When: May 2018
Where: Semiahmoo
With: my partner
What: exploring the beach
Accompaniment: Beach Break by Julietta

water trickles across the washboard gray-brown sand to the bay, beneach a cloud-dotted blue sky with seagulls on the water's edge and Canada across the water
man in blue plaid shirt and rolled up jeans walking across seaweed covered beach at low tide beside seaweed draped boulders with view into Canada and cloudy sky
brown sea anemones hanging from the underside of a barnacle-encrusted rock

Sandy beaches are a treat in Washington, where so many are rocky. We walked down Semiahmoo Spit from the resort, where I was attending a professional conference, to explore the beach at low tide. Seagulls hunted for lunch in the tidelands, leaving empty crab and clam shells strewn across the damp sand.

Heaps of green and brown seaweed covered the shore by the water’s edge, making a squishy mat in the inch of water that hadn’t withdrawn. We peeked into the hollows and underhangings beneath barnacle-encrusted rocks and small boulders and found clinging anemones, seaweed, and purple seastars.

Feet wet, we headed back towards the road. A rivulet of water trickled across the washboard sand from a pool that had been left higher up the beach as the tide receded. Moving in the pool was a colony of live, fuzzy sand-dollars!

2 Comments on ““tidepooling” on a flat beach in sight of Canada”

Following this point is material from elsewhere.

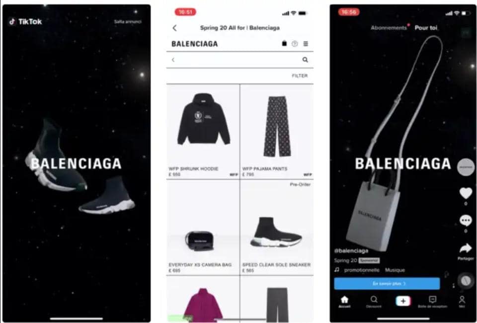Quảng cáo của Balenciaga nhằm thúc đẩy nhận thức và thử nghiệm với các phương tiện truyền thông mới trên TikTok, để tiếp cận nhiều khán giả ở Pháp và Vương quốc Anh. Kết quả nhận được tổng cộng hơn 25 triệu lượt xem video, tỷ lệ tương tác của người dùng cũng cao hơn mức trung bình, cho thấy một lượng khán giả mới của người dùng TikTok đã kết nối với Balenciaga ở tài khoản cá nhân. Sau đó, họ tiếp tục khám phá chi tiết hơn về lĩnh vực thời trang sang trọng này, với hơn 4,5 triệu lần nhấp đến trang đích.

  1. After the great sea star wasting time it’s wonderful to see sea stars again. Something once so common I almost took them for granted. A good lesson – take nothing for forever.

    Have enjoyed Season 1 – I’m betting it’s a great excuse to look back through your old photos! A delight for all of us.

    • That’s a good way to put it.

      Thanks! It’s been fun looking back through old pics and revisiting memories 🙂 And neat to share them with others! Social media shifts the focus always to what’s new, pushes things down the feed so quickly and demands fresh — so this has given me the excuse to really spend some time with experiences from years ago. I hadn’t originally planned to write things to go with the photos but I’ve been enjoying that process too, in digging past the surface to try to remember the experience and what made it unique.